How does exponential growth differ from linear growth?

Dec 26, 2014

With linear growth the same amount is added every period.
With exponential growth it is multiplied by the same factor every period.

Linear growth:
Say you make a very good $1000 investment, that pays out 10% every year. After one year you will have$1000 in the investment + $100 paid out, after 2 years you will have$1200, etc.

General formula:
$N = B + p \cdot t$
Where
N=current value
B=beginning value (start)
p=value to be added every period
t=number of periods

Exponental growth:
Same investment, only you don't cash in your $100 every year, but you re-invest under the same conditions. After one year there will be$1100 in your account, which will fetch $110 (10%) in the second year.
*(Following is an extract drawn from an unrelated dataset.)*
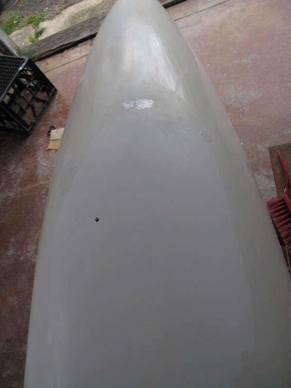 The large whiter area is new flow coat along with a few small patches of still wet coat where the glass began to show through. The old coat is in bad shape which makes it almost impossible to neatly blend the new layer. |

So after the second year there will be$1100+$110=$1210, etc.
So the money grows by 10% plus 10% over that 10%, etc.
Or: The money gets multiplied by 1.10 every year (=100%+10%).
This value is called the growth factor abbreviated as $g$

General formula:
$N = B \cdot {g}^{t}$
(other letters meaning the same as above)

Remark:
Exponential growth models are used to describe a lot:
One example is the number of bacteria on your meat, where the growth factor is dependant mostly on temperature, and $t$ is usually measured in hours.